在自主指令記憶體的設計中採用迴圈暫存器來降低指令擷取流量

Abstract

自主指令記憶體的設計的想法在於結合動態分支預測器和最上層的指令記憶體而擁有自行產生指令位址的特性，因而使得CPU可以不用傳送指令位址給自主指令記憶體，而達到降低CPU和自主指令記憶體之間指令位址匯流排上傳遞資料量的目的。而在此種架構之下，雖然指令位址匯流排上所傳遞的資料量已經被有效的降低，然而在同時指令內容匯流排上還是在每個時脈週期傳送著資料。因此我們的問題便是在於如何在此種架構之下去降低CPU和指令記憶體以及動態分支預測器之間的指令內容匯流排上傳遞資料量的問題。 而為了解決這樣的問題，我的想法是在CPU的內部增加一個緩衝器用來儲存過去使用過的指令，而這個緩衝器不能有標誌的部分，主要的原因在於不想增加過多額外的硬體成本。CPU藉由存取存放於緩衝器中的指令達到節省CPU和自主指令記憶體之間指令內容匯流排耗電的目的。 我們的設計將會包含了新增的輔助硬體以及一套適用於CPU和指令記憶體以及動態分支預測器之間的傳輸協定，這套傳輸協定必須能夠同時達到可以有效率地控制指令內容匯流排以及維持程式流程的正確性。 以上述的想法做為出發，我的設計將會以line buffer做為此種緩衝器的初步設計，之後結合田濱華的loop buffer設計做更進一步的改良，最後再採用藉由指令內容匯流排來傳送存取緩衝器中的指令的想法來使得CPU之中的緩衝器可以儲存巢狀迴圈進而提升緩衝器的使用率使得指令內容匯流排的存取次數可以持續地下降。除此之外我們並目針對當這兩條特定用途的匯流排結合成一條的通用匯流排時對於整體系統效能所造成的影響進行評估。

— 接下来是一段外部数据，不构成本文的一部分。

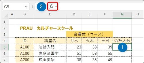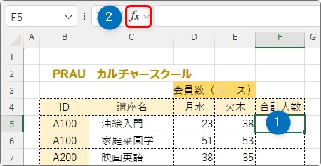 数式を入れるセルを選択して、[関数の挿入]ボタンをクリック。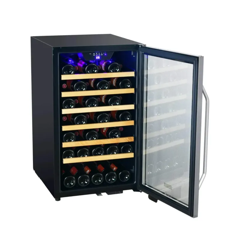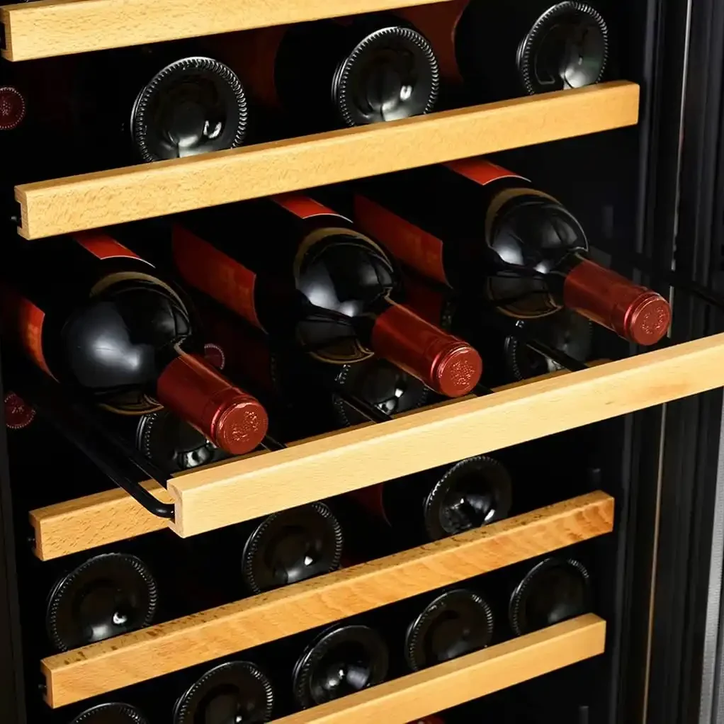 - 44-bottle capacity across 6 removable metal shelves with handsome wood faces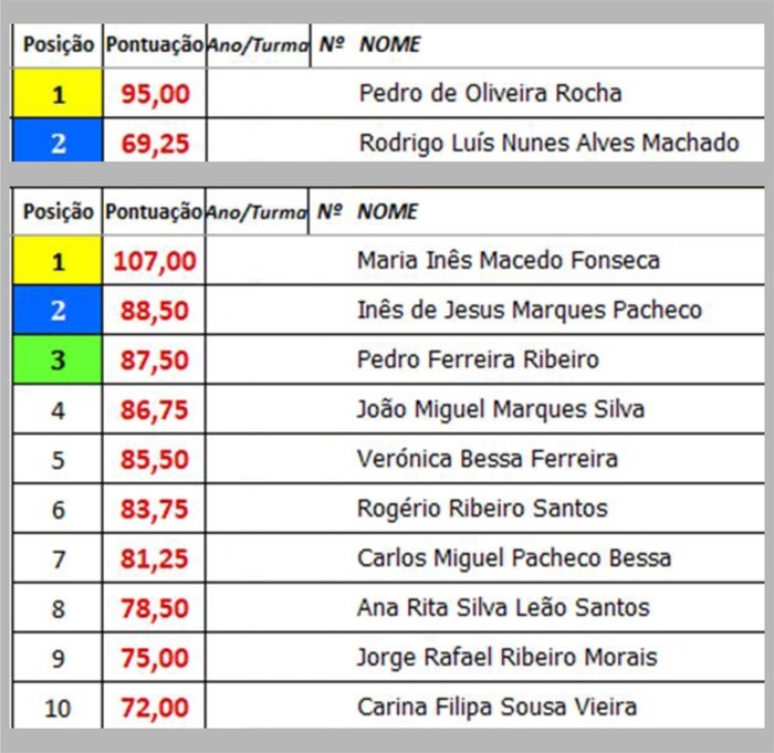 Salientam-se os bons resultados obtidos, tendo como melhores classificados os alunos apresentados na tabela à direita:
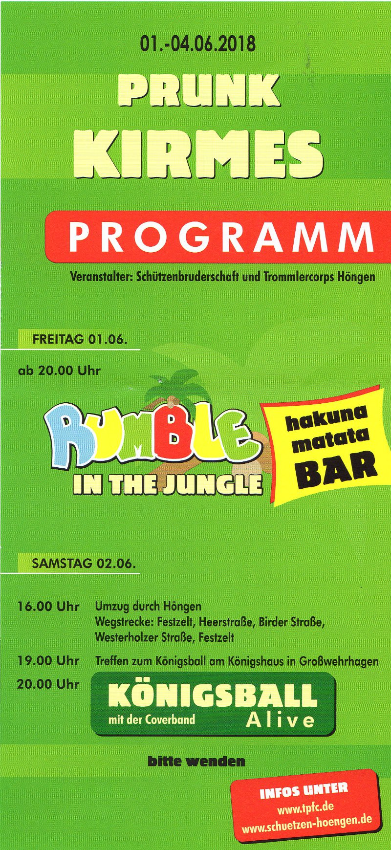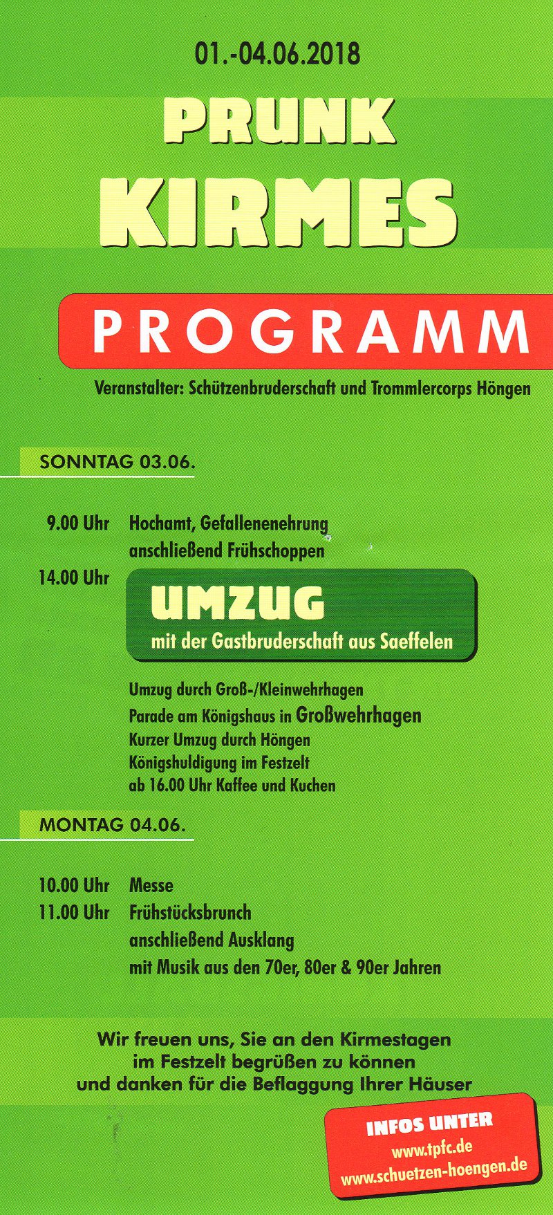 Vom 1. – 4. Juni feiert Höngen in diesem Jahr die Prunkkirmes. Veranstalter sind wiederum gemeinsam das Trommler-, Pfeifer- und Fanfarencorps und die St. Johannes Baptist Schützenbruderschaft.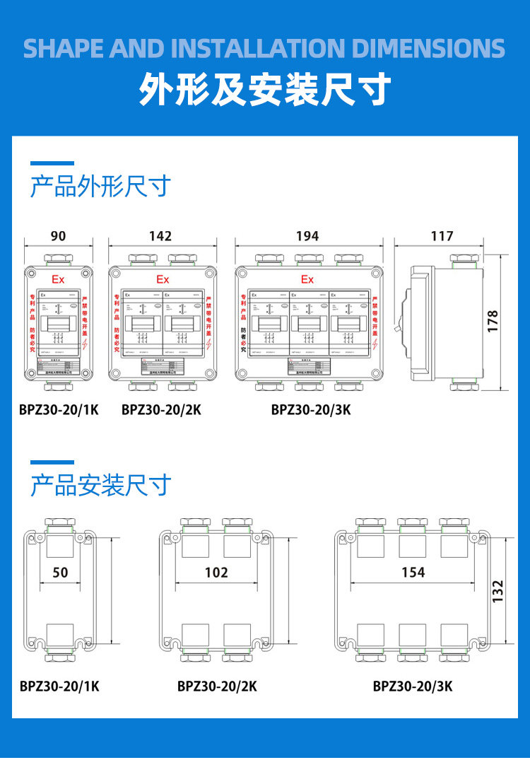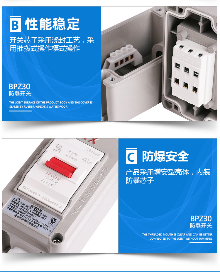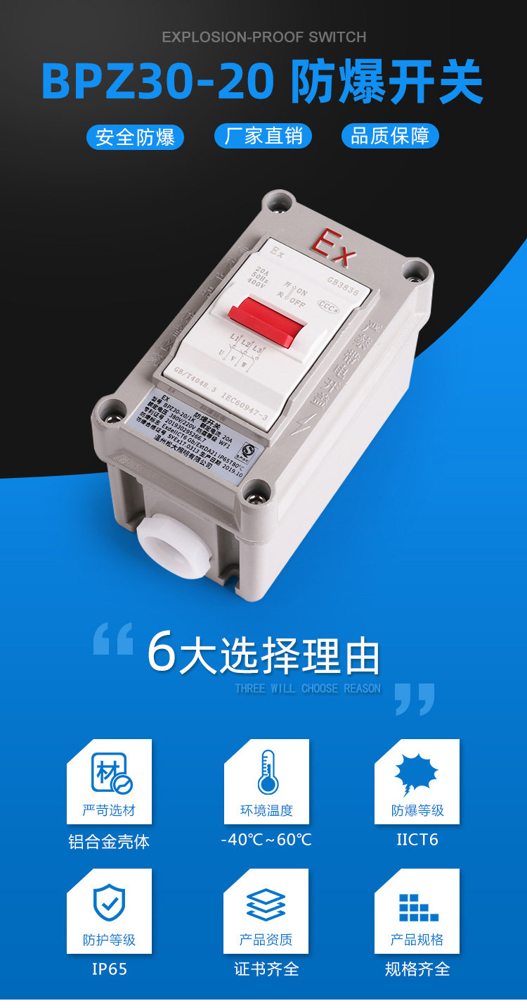 National Standard Explosion-Proof Wall Switch Three-Phase 380V 220V Circuit Breaker Box Lighting Distribution Box Songda Bpz30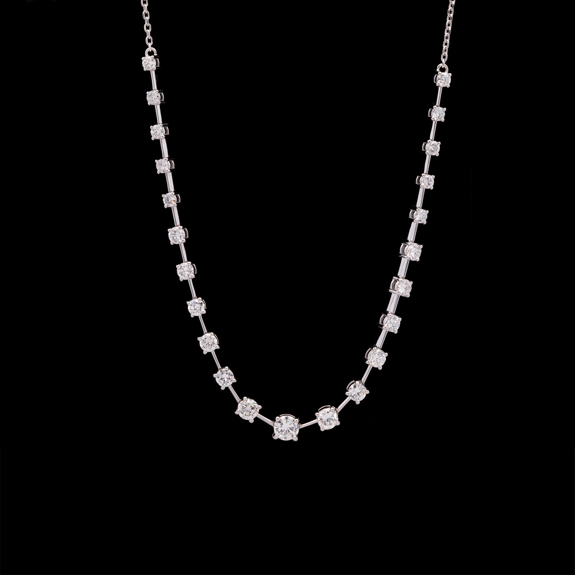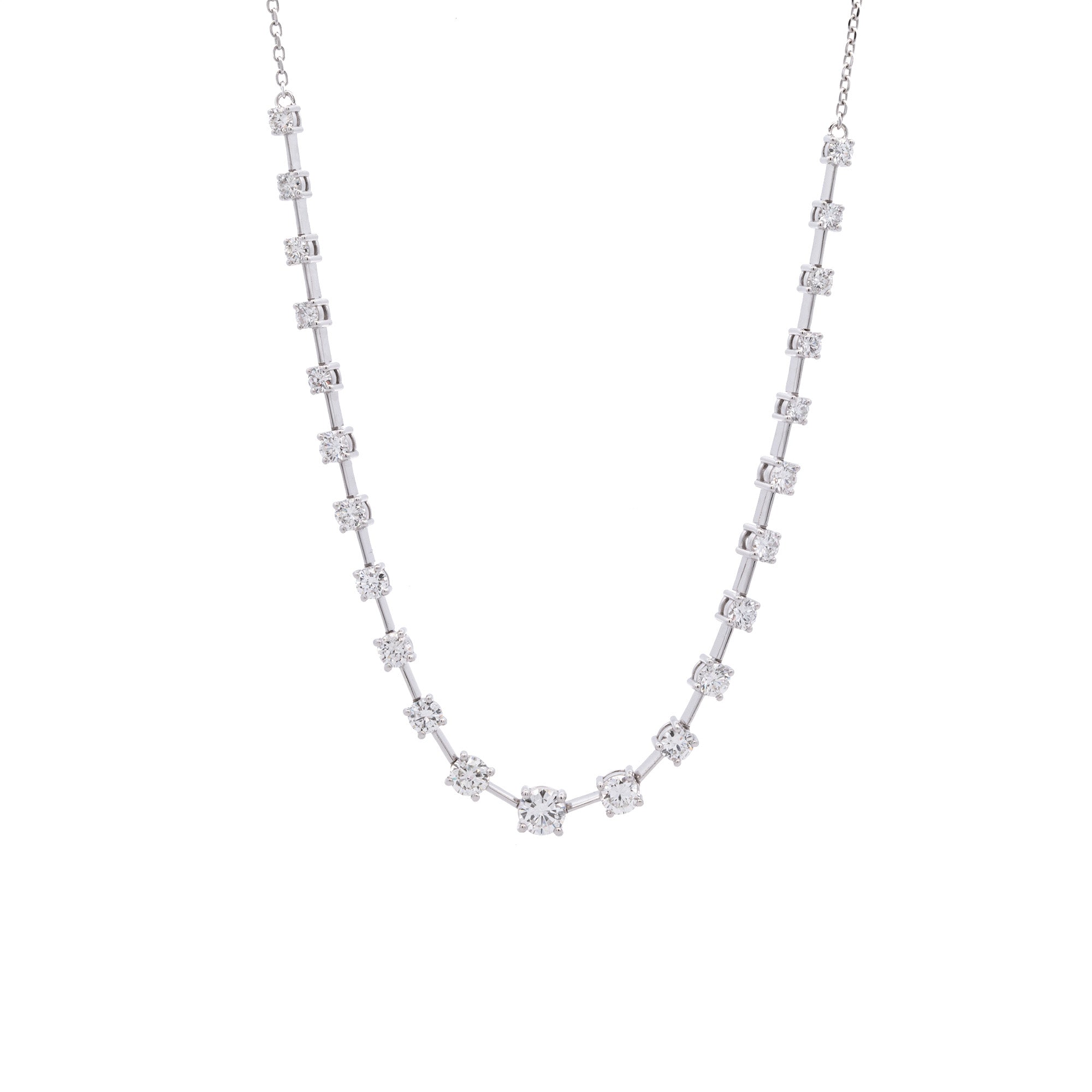 14K White Gold Graduated Diamond Necklace, 17 Inches. Twenty-Three Diamonds Weigh A Total Of 3.02 Carats.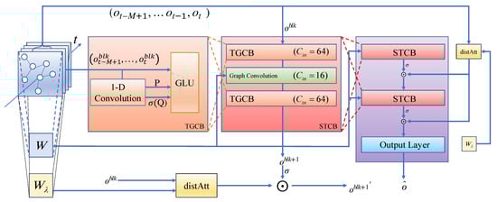 To combine the temporal POR data and spatial-featured graph, as shown in Figure 3 (left), we construct the Spatial–Temporal Convolutional Block (STCB) , which consists of two TGCBs and a graph convolutional block in the middle. The TGCB and the graph convolutional block are used to extract temporal correlations and spatial correlations, respectively. Let be the input of all the historical observations used for prediction; the output , which passes by one STCB , is computed as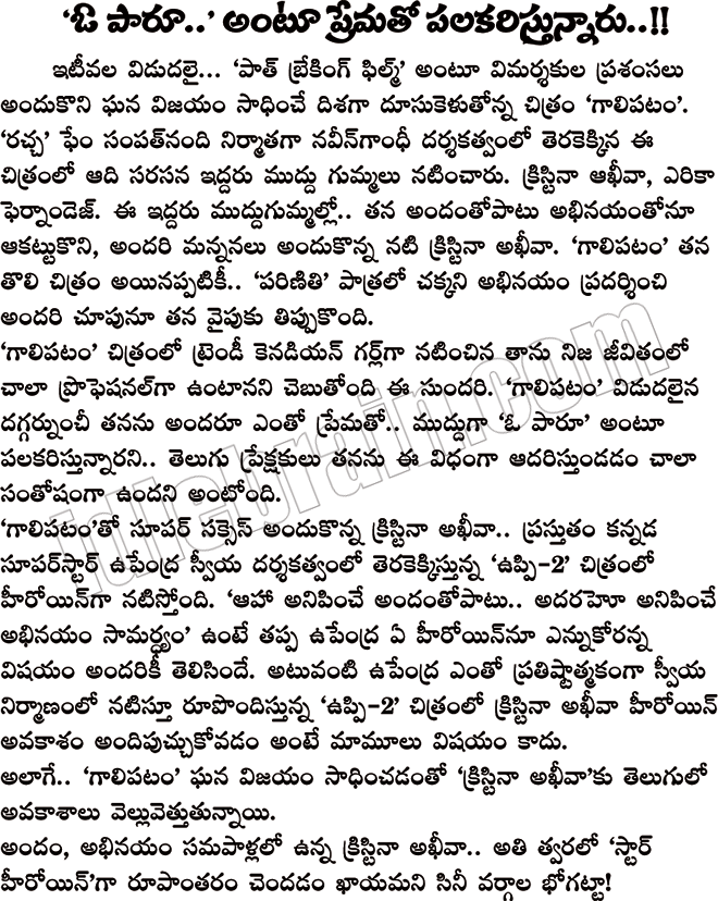 Gaalipatam Fame kristina akheeva with upendra

The idea of Autonomous Instruction Memory (AIM) is to combine Top-Level Instruction Memory (TLIM) and Branch Target Buffer (BTB). This kind of architecture has an character of self-generating instruction address. With this character, CPU core needs not to transfer instruction address to AIM, and this will obtain the goal of reducing traffic on instruction address bus. Under this kind of architecture, although the traffic on instruction address bus has been greatly reduced, the instruction content bus between CPU core and AIM still works every clock cycle. Therefore, our problem is to reduce the traffice on instruction content bus between CPU core and AIM. Our primitive idea for solving this problem is to introduce a tagless buffer inside CPU core storing those used instructions. CPU core can access instructions inside buffer instead of fetching from instruction content bus and then power consumption on instruction content bus can be saved. Our design will including additional auxiliary hardware, buffer inside CPU core, and an efficient control bus communication protocol between CPU core and TLIM plus BTB and instruction memory are essential to maintain which instructions can be write into buffer and when to reuse these instructions. Based on the above ideas, I will use line buffer as a first design. And then integrate loop buffer as my second design. Finally we use instruction content bus to deliver the buffer access position as my third design. Under this design, the buffer inside CPU core can store the nested loop and reuse them. Therefore, the access time of instruction content bus can continuously be reduced. Besides, we evaluate the efficiency impact if we merge the two dedicated bus into a common bus.